The woman, who hails from a Dalit Christian family, now works as a teacher in Karnataka.

“I left to become a nun before I wrote my Class 12 exams [equivalent to high school graduation]. After a few years, I realised that the attitude of most superiors inside the convent was not the same. I faced restrictions from all quarters. They expected me to cook all day and every day because I could cook well. I am also a social person. However, they did not let me talk to people or make friends. They had a problem with me being me,” she told TNM.

Speaking about her decision to leave, she said that she received a lot of support from both her family as well as her friends. However, she complained that the Church refused to offer any compensation for her years of service.

In the Indian press, her case is being compared to that surrounding Bishop Franco Mullakal of Jalandhar, who was arrested on Sept. 21, 2018, in Kerala after a months-long investigation into the accusations of a nun claiming he raped her 13 times between 2014 and 2016. He was released on bail on Oct. 15, 2018.

The nun is a member of the Punjab-based Missionaries of Jesus congregation, but said the attacks happened in Kuravilangad, the location of one of the order’s convents in Kerala.

Another nun, Sister Lucy Kalapura, was kicked out of her order, Franciscan Clarist Congregation, after participating in protests against Mulakkal.

The father of the former nun from St. Joseph’s in Pachalam complained about the attitude of the Church.

“Despite large public support, the Church is still against the survivor nun in the Bishop Franco Mulakkal rape case, and Sister Lucy who came out in support of her. We come from a humble background and after the threat calls, she is afraid of whether we will be left alone in this,” he told TNM.

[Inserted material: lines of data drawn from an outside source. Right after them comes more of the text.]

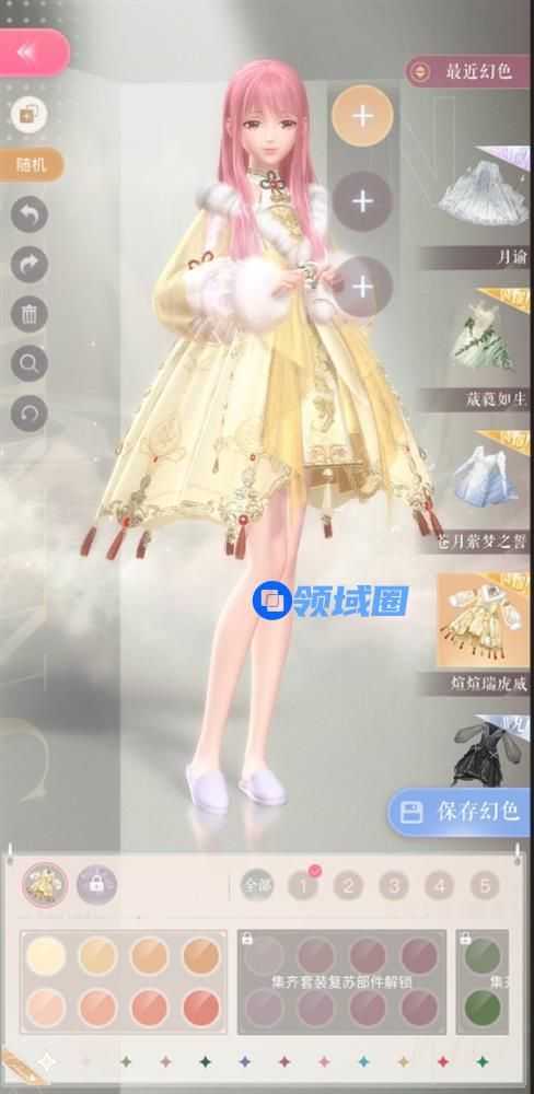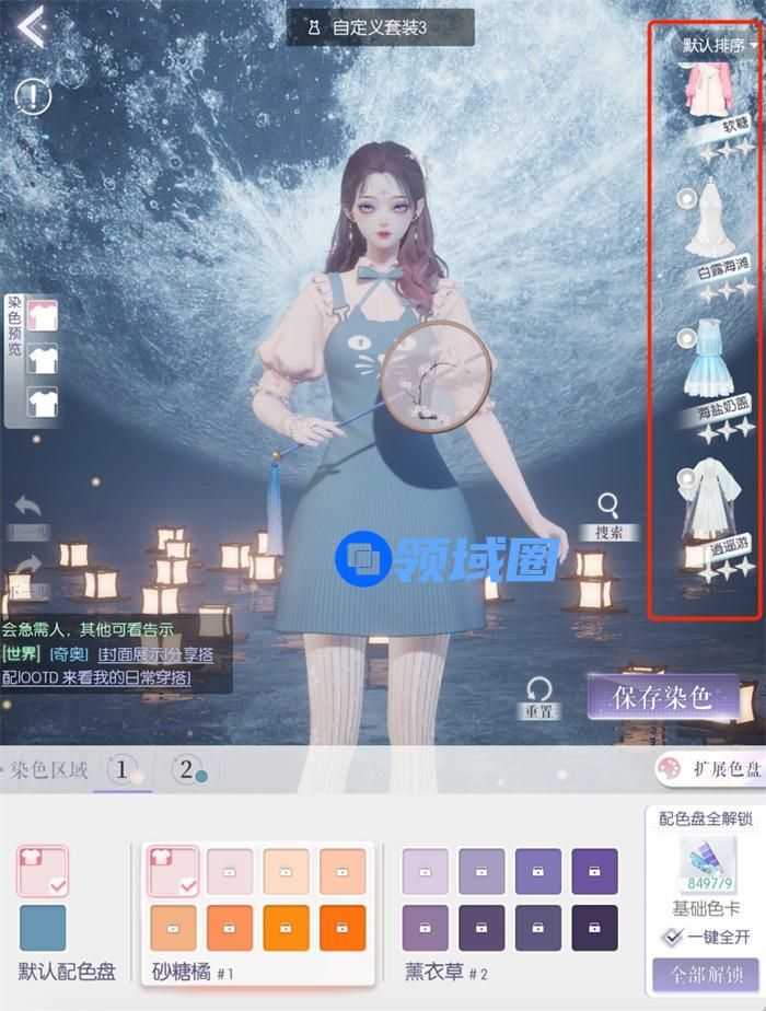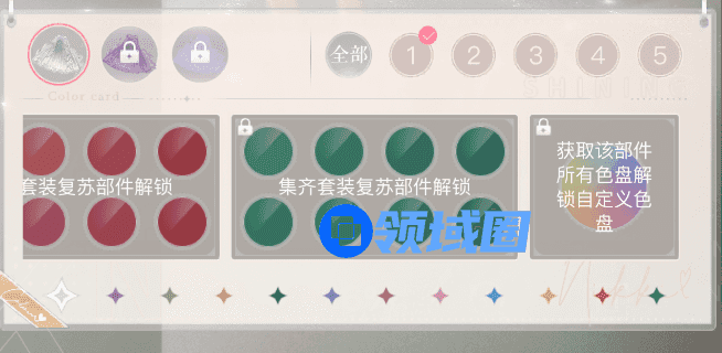 接下来是闪暖的染色门槛。获得可染色时装后,只有1个提取色色盘可用,无卡套装需在套装集齐后才能解锁10个色盘;带卡套装需在套装集齐,并对套装进行复苏后才能解锁10个色盘,全部色盘解锁后开启自定义调色。
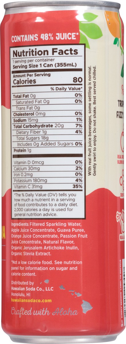 Filtered Sparkling Water, Apple Juice Concentrate, Guava Puree, Orange Juice Concentrate, Passion Fruit Juice Concentrate, Natural Flavor, Organic Jerusalem Artichoke Inulin, Organic Stevia Extract.
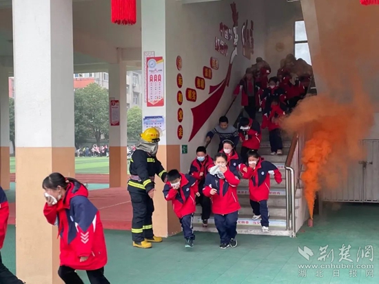濃煙彌漫,警報響起,“險情”發(fā)生......學校立即啟動消防應急疏散預案,全體學生在老師的帶領下,按照既定的疏散路線,彎腰低頭,捂住口鼻,迅速有序地撤離到操場安全區(qū)域。
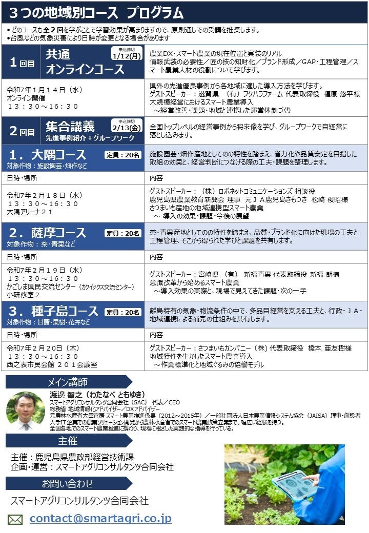 鹿児島県は、「令和7年度 スマート農業導入加速化推進事業」の一環として、「かごしまスマートファーマー育成セミナー」を2026年1月から2月にかけて開催します。本セミナーの企画・運営は、スマートアグリコンサルタンツ合同会社(代表:渡邊智之)が担当します。
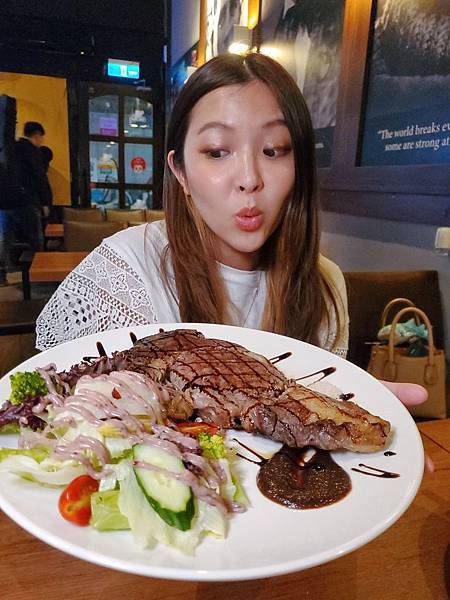 牛排超大塊~比臉還大!!因為是單點,旁邊附上了一點沙拉,
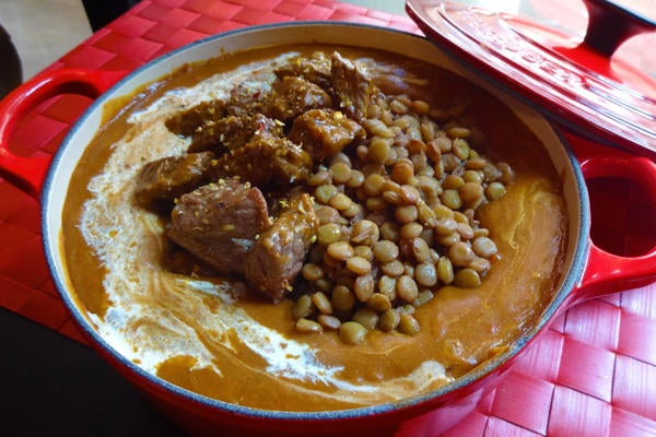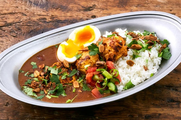 ▲ビーフ&ダールマサラカリー 600円(※カレー単品価格)/数種のスパイスとフレッシュなトマトを使用した英国生まれのインドマサラカレー。放牧牛グリルと煮込んだレンズ豆がポイント。
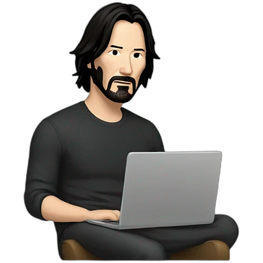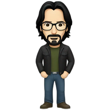 Create an emoji inspired by Keanu Reeves. It should be recognizable with his signature features: long dark hair, a beard, and a serious yet kind expression. emoji

George Joseph, a member of the executive committee of the Kerala Christian Reformation Movement (KCRM), said the Church owes the former nun for her work at the convent, where she lived from the age of 17 until she was 28.

“Usually, the Church is supposed to ensure a job to the person who has left the institution and offer any kind of support depending on his/her financial position. In this case, not only did the Church not offer any compensation, they even refused to return the patrimony of 30,000 rupees [about $420] that the family had given when the sister joined the convent,” Joseph told TNM.

“We took an appointment with the provincial of the convent and discussed the issue with them. The former nun’s family comes from a very poor financial position. They needed the money, especially when they fixed her wedding. However, the convent authorities asked us not to intervene and promised that they would offer the compensation directly to the nun’s family,” he added.

Despite waiting for over four months, there has been no compensation from the congregation.

“Anyone who has put in work and contributed to an institution deserves to be compensated. A domestic worker who works in your house is compensated on a daily basis. So why is there an exception for those working in the Church? The nun in question and her family deserve to receive her dues from the Church,” George said.

He also said that members of the KCRM were planning on taking the issue to court.

“There seems to be no precedent to this case. We had discussed with a few lawyers on whether it would be a good idea to take the fight to the court. We have decided that, win or lose, we will fight this out legally,” George told TNM.

“We will wait till January 25. If there is no favourable response, we will start a hunger strike from next day,” he said. “It is important that the public stands strong in this protest.”